Degradation in Tiger Population in Southeast Asia

Maximum tigers were roaming on those areas of Asia where human beings are now densely populated. Presently over one-third of tiger conservation sites in the world are still under the risk and the majority of those areas are located in Southeast Asia. Bhutan is the home to the highest altitude tigers in the world and Indonesian island of Sumatra is one of the last places on earth where tigers, elephants and orangutans coexist in the wild. Sunderban mangrove area of India and Bangladesh is the habitat of largest number of wild Royal Bengal tigers. One hundred years ago, there were 100,000 wild tigers in the nature but in 2010 as few as only 3,200 wild tigers remained. The sole cause of declination in tiger population is human activity and nearly 97% has been extinct due to rampant poaching and habitat loss. The borders of India-Nepal, Indonesia-China and Russia-China are very well known hot spots for trans-boundary smuggling of tiger body parts.

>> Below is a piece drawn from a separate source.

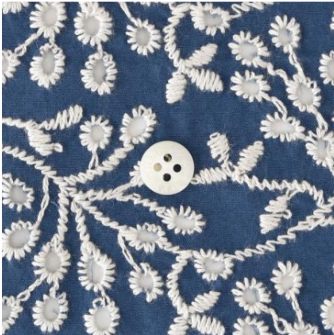
スモークブルーにアイボリー

Indian Tiger Protection Laws and National Tiger Conservation Authority

The main legislative action was undertaken by then Indian government through the insertion of the Wildlife (Protection) Amendment Act, 2006 which was also known as ‘Tiger Amendment’. This Amendment of 2006 introduced some important statutory and administrative steps including National Tiger Conservation Authority (Section 38L), Tiger and Other Endangered Species Crime Control Bureau (Section 38Y), Tiger Conservation Plan (Section 38V) and Tiger Conservation Foundation (Section 38 X). This Amendment was made on the recommendation of Tiger Task Force (TTF) consisting of biologists, social scientists, activists and forest officers across the country constituted by then Prime Minister in July 2005 on the backdrop of vanishing of tigers by rampant killing and poaching. Since its inception in 2006, National Tiger Conservation Authority has worked tremendously and till now declared nearly 50 protected areas as Tiger Reserves having critical tiger habitats with the consultation of State Governments. Though few Tiger Reserves were established earlier after launching of Project Tiger during 1973 but those reserves have got the statutory status (Section 38V) after this Amendment. Central Government notified many bye laws for better functioning of National Tiger Conservation Authority and those are The National Tiger Conservation Authority (Qualifications and Experience of Experts or Professional Members) Rules, 2006; The National Tiger Conservation Authority (Salaries, Allowances and other Conditions of Appointment) Rules, 2006; The Tiger Conservation Authority Fund (Regulation) Guidelines, 2007; The National Tiger Conservation Authority (Tiger Conservation Foundation) Guidelines, 2007; The National Tiger Conservation Authority (Annual Reports and Annual Statement of Accounts) Rules, 2007; The National Tiger Conservation Authority (Recruitment and Conditions of Service of Officers and Other Employees) Rules, 2007 and The National Tiger Conservation Authority (Normative Standard for Tourism activities and Project Tiger) Guidelines, 2012. The Act has played nicely the federal features of Indian government as ‘wild animals’ are subject of State as well as Union.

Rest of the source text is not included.